Task
In the records below, find the line containing "Comprar Tapón de" and return it together with every later line, exactly as written; pictures are to be omitted.

=== Begin Enclosure ===

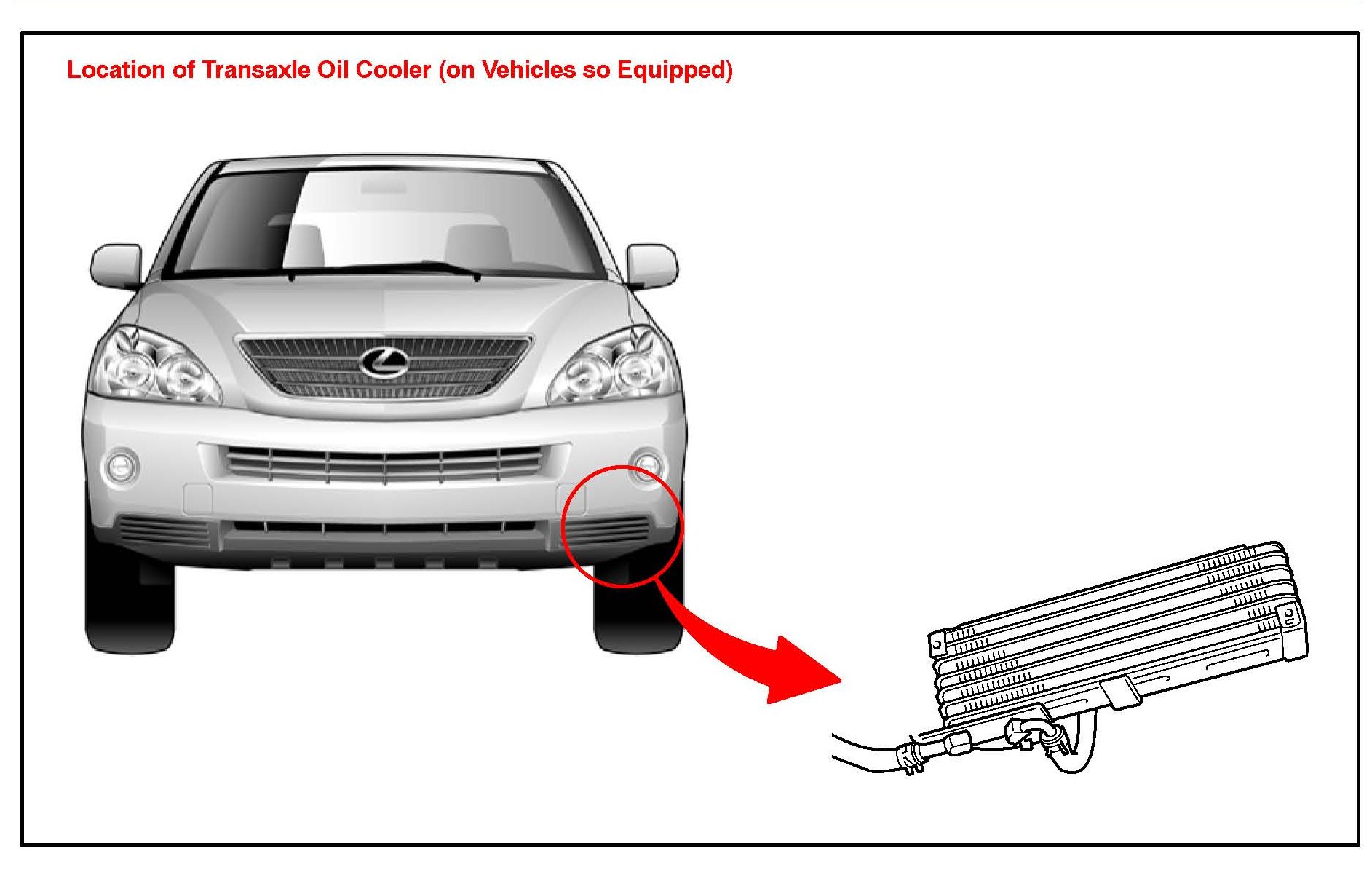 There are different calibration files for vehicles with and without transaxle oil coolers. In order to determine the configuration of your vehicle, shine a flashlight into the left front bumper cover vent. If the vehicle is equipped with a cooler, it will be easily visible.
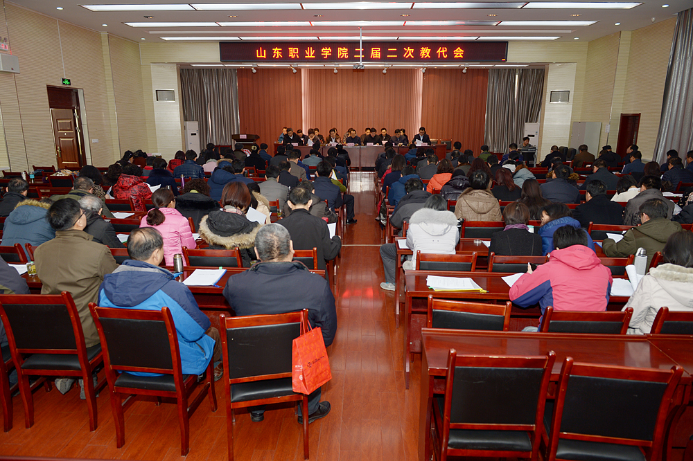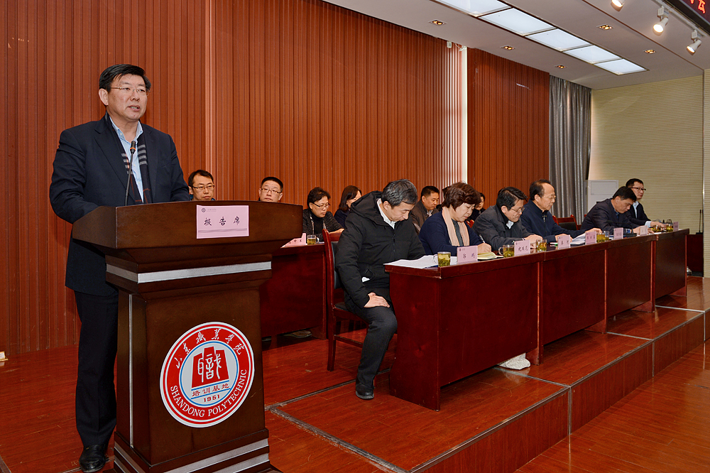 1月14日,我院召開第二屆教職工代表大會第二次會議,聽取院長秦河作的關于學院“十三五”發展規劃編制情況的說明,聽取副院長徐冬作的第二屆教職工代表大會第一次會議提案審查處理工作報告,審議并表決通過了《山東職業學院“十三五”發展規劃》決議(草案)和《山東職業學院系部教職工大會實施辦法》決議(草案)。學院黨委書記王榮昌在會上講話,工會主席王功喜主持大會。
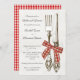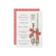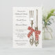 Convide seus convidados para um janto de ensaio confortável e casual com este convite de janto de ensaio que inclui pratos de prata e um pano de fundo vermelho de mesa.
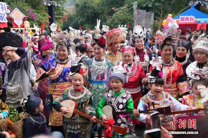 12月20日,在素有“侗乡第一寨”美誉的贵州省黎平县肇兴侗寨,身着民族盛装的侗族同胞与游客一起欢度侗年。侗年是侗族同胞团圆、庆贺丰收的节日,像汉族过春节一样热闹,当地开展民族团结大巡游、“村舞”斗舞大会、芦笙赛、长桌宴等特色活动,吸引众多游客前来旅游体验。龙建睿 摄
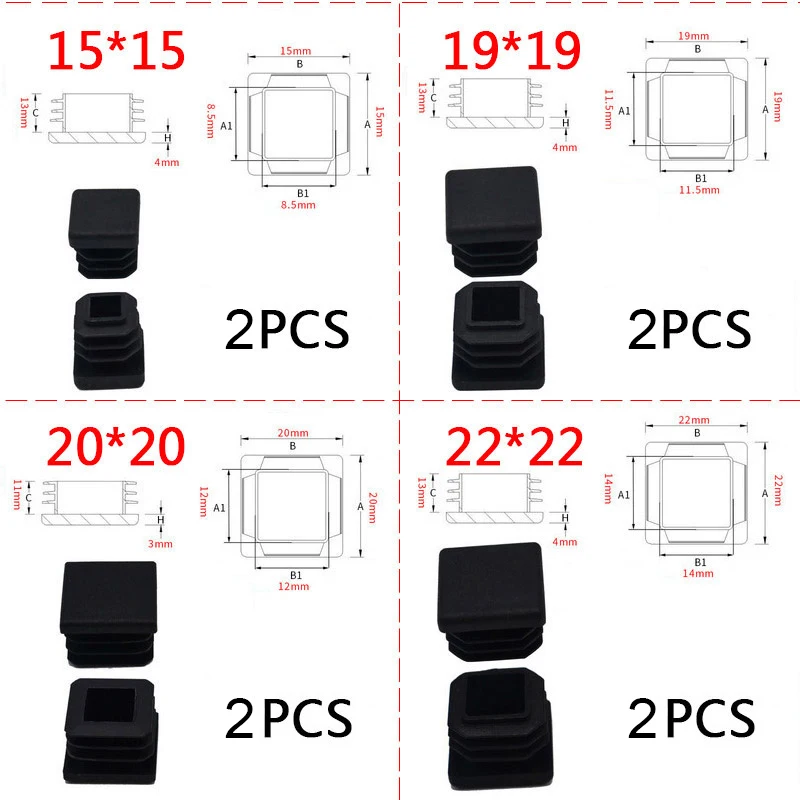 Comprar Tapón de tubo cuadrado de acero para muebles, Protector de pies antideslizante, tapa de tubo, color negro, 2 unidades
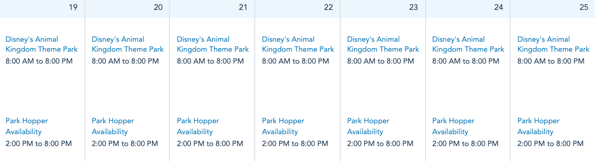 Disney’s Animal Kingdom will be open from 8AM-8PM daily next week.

=== End Enclosure ===

Your solution
 Comprar Tapón de tubo cuadrado de acero para muebles, Protector de pies antideslizante, tapa de tubo, color negro, 2 unidades
 Disney’s Animal Kingdom will be open from 8AM-8PM daily next week.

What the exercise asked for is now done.